50 Cabinet ministers, judges and high ranking police officials in Israel were offered the choice of a new state car this past summer, and had the option of a BMW 528i or a Citroen C5. 28 of the 50, mostly cabinet ministers, picked the Citroen after a significant public backlash surrounded the BMWs.
With growing social unrest over unaffordable housing prices, picking a $79,000 BMW as one’s taxpayer-funded car would be rather unseemly. Instead, the $46,555 Citroen C5 will be employed by top government officials, including Israel’s chief central banker. But according to Israeli business publication Globes, even the C5 is
“Not the regular Citroen C5 that Israelis buy, but the executive version (which is not sold much in Israel), equipped with all the bells and whistles, including leather seats and a multimedia system, but still a Citroen C5 – a large vehicle with an image of a grey-collar car, and without the pretentiousness of a luxury brand.”

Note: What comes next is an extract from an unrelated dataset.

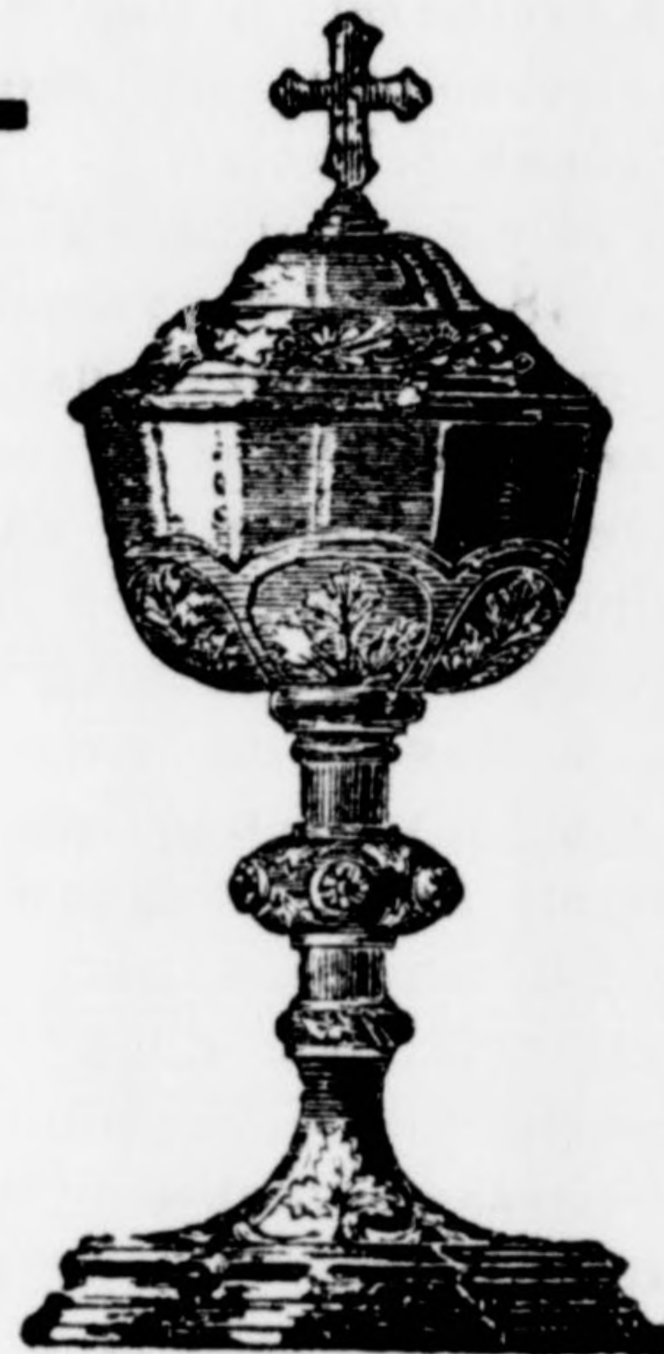
Templomi kelyhek 12 frtől 60 frtig.]

BMW reportedly offered discounts in line with the Citroen’s retail price, but the ensuing backlash led to the overwhelming adoption of the Citroen. During the last round of state car tenders, officials could choose between an Audi A6 and the Skoda Superb, with most choosing the Audi. This time around, an election is coming up sooner rather than later, and public perception matters much more, especially with Israelis caring deeply about “social justice” issues. Not mentioned officially (but felt deeply) was the issue of the appropriateness of taxpayer funded German cars. Skoda seems to get a pass due to the little known Czech-Israel arms connection, and most cabinet ministers had no qualms about the Audis; but there’s a reason Ariel Sharon drove a Volvo and Meir Dagan was loyal to Peugeot.